In order to achieve accessibility of water, the United Nations has proposed goals to achieve this objective, among which is “Significantly increase the efficient use of water resources in all sectors and ensure the sustainability of freshwater extraction and supply to address water scarcity and significantly reduce the number of people suffering from water shortages” [5]. To achieve water supply in some towns worldwide, people have used the extraction of water from aquifers [6]. According to the International Atomic Energy Agency (IAEA), underground water is the largest drinking water source for humans. This represents 30.1% of the total fresh water in the world [7, 8].
The availability of freshwater resources is a challenge for many communities, becoming a scarce good that limits social and economic development [9-11]. Ironically, low households in developing countries spend a higher proportion of their income on water than in industrialised countries [12]. The outlook on the supply and renewal of water in the world is every day worse. This is because freshwater is not distributed equitably globally, nor the same quantity in the seasons or from one year to another [2, 13]. While the scarcity of freshwater resources already limits development and social well-being in many countries [10, 14-16], expected world population growth in the coming decades, coupled with growing economic prosperity, will increase water demand and exacerbate these problems [17, 18]. Therefore, it is essential to consider an integrality in water management to counteract the its lack [19, 20]. The two methods, proposed by Sixt et al. [19], Chica and Reyes [20], to manage water resources are increased supply (e.g. water storage by dike/dams, artificial recharge of aquifers, desalination of seawater or seeding and harvesting of water), and reduction of losses and waste (e.g. control of evaporation, more efficient industrial processes in the use of water, control of losses and waste in large cities).
In Ecuador, based on the National Plan for Good Living 2013-2017 (PNBV, for its acronym in Spanish), it was monitored that “83% of households have access to water through the public network” (goal 3.11.) [21]. The provinces with the highest water coverage are Pichincha, Santa Elena and El Oro. Santa Elena’s province has 90.3% coverage by the public network [22, 23]. However, certain towns north of Santa Elena, such as Manglaralto and Olon, do not benefit from this service [4, 24]. Due to this, they have created water management boards (such as JAAPMAN and JRAPO), which have managed to supply the parish population through aquifers’ exploitation. More than 30,000 people are supplied with this vital liquid by extracting water from wells located around the aquifers [25, 26].

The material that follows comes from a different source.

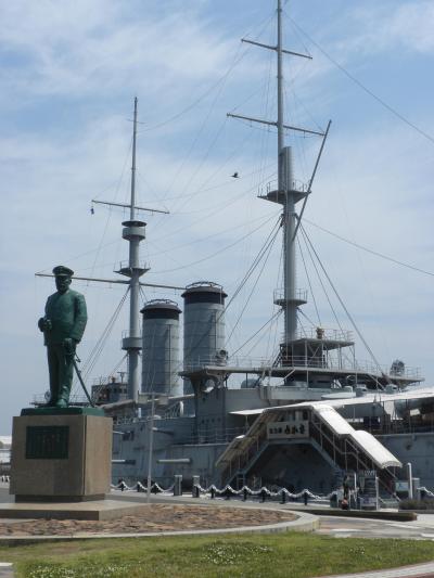 三笠公園にある「戦艦三笠」は明治35年に英国で造られ、日露戦争で活躍し、

However, the supply through aquifers also has its limitations, since population growth, lack of rain and increased tourism has generated a considerable water deficit. This leads to a shortage of water for the parish because the aquifer does not recharge quickly enough in the rainy season [20, 27]. Anciently, artisanal dikes (tapes) have been made in rivers around the world. Such is the case of the Miraflores district in Peru (built during pre-Inca times), where they have helped retain water, thus causing more significant infiltration of water into the aquifers and thus favouring their recharge [28, 29].
Among the strategies to try to solve the water shortage during the dry seasons in the community of Manglaralto is the construction of tapes, which help retain water in various sectors of the river, thus contributing to the recharge of the aquifer [26]. However, the artisanal construction of these tapes is not durable since, according to the water capacity in the river’s flood, it causes their collapse, having been used in their sound stage.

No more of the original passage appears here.